Allocation of double pointers in cudaHostGetDevicePointer

Hello Guys,

I’m trying to allocate a double pointer using CUDA, so I’ve allocated a double pointer using cudaHostAlloc, with the mapped flag on, so when I try to get access to the device pointer that corresponds to this double pointer (char**) by using the next line code

cudaSafeCall(cudaHostGetDevicePointer((void **)&(inputDevice[chunkIndex]), (void *)(inputHost[chunkIndex]), 0));

it gives me a bus error code: cudaErrorInvalidValue…

but when I change the char** to char* it works just fine…
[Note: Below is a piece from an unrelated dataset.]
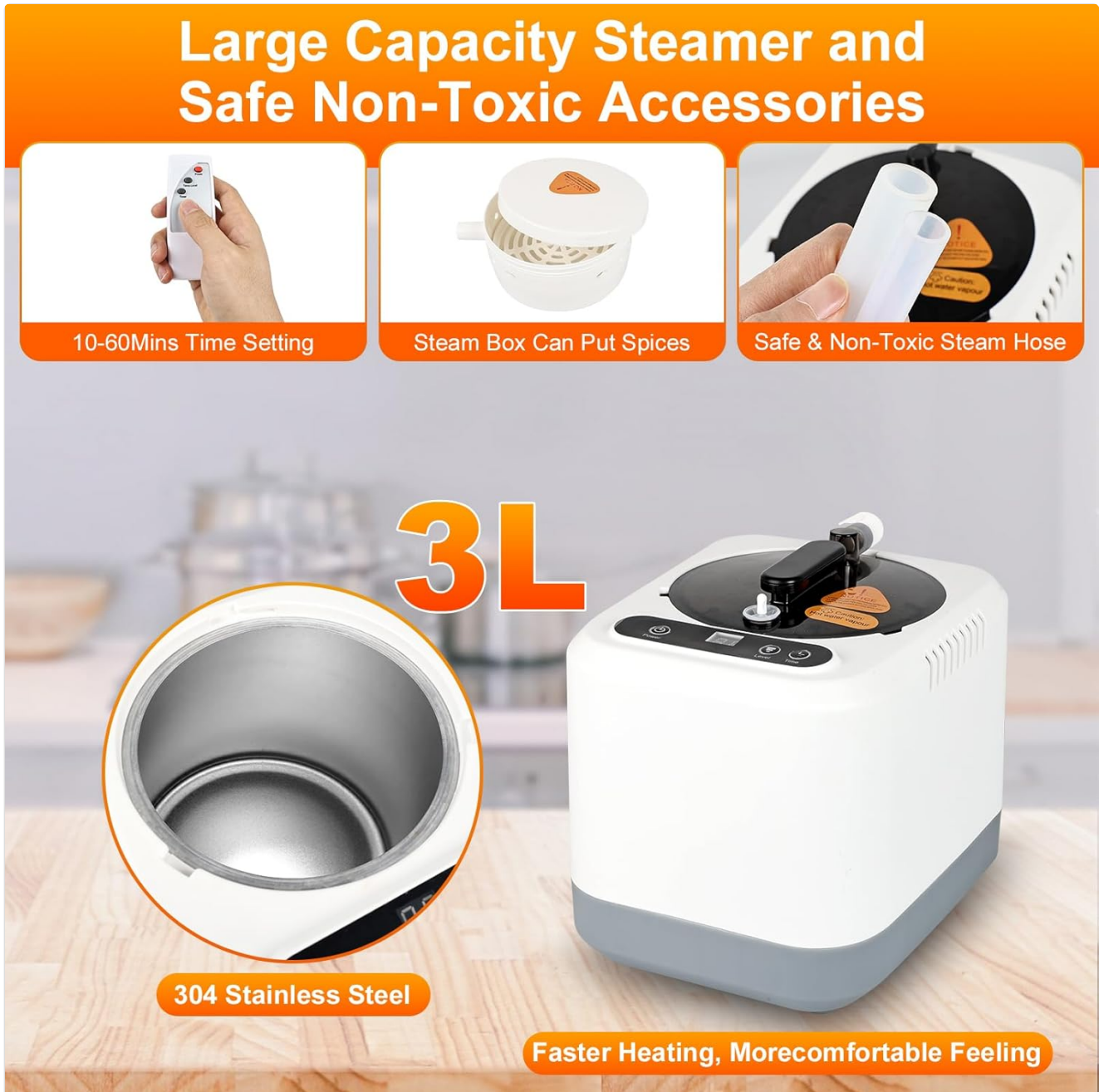
Figure 4: Steamer unit and remote control for operation.

so how can I allocate double pointers in the device using cudaHostGetDevicePointer?

Thank you for you time, guys…

I am pretty sure that the answer is that you can’t, because it requires dereferencing a device pointer on the host, which is illegal. What you can do is assign pointer values inside GPU kernels, so a work around is to allocate the storage for the pointers, then the storage for what they will point to and assign the pointer values inside a small initialization kernel. The argument list length for CUDA is rather finite, so if there is a lot of pointers to assign, you might have to do something else (like write them into constant memory and read from that).

A less elegant, but more manageable way to do things is to work with indices rather than pointers. It winds up looking and feeling a lot like Fortran 77, but it works and can be considerably faster because you loose one level of pointer indirection in the GPU MMU. Or maybe wait for Fermi, because it will probably fix it (apparently memory assignment in GPU code will be supported via the C++ new operator).
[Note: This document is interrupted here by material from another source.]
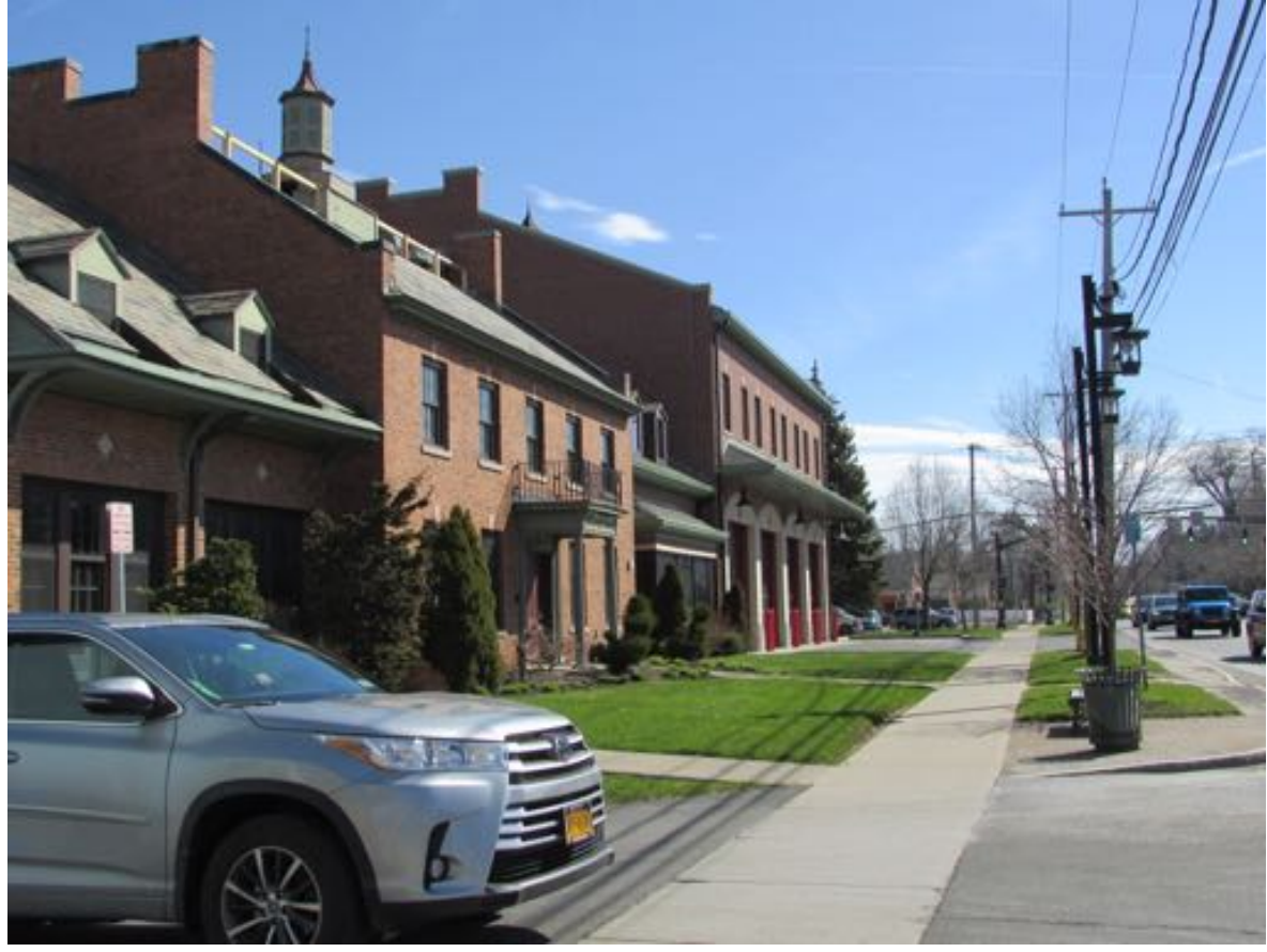
East Genesee Street, Municipal Building on north side at Manlius Street

I’m also facing this problem, and I can’t seem to code it right. Avidday, could you elaborate more? How would I allocate the storage to the pointers then assign their values?

This is a little piece of code that keeps giving me “bus error” whenever I run it. I’m guessing the problem is like what you said, dereferencing a device pointer.

cudaSafeCall(cudaMalloc((void **)&intermediate_values, NthreadsPerBlock*NblocksPerGrid*sizeof(interValues)));

for(int i=0; i<NthreadsPerBlock*NblocksPerGrid; i++)

	cudaSafeCall(cudaMalloc((void **)&intermediate_values[i].threadData, (NData/NthreadsPerBlock/NblocksPerGrid)*sizeof(tuple)));

intermediate_values should be an array of *interValues which is in turn an array of *tuples.

Any help please?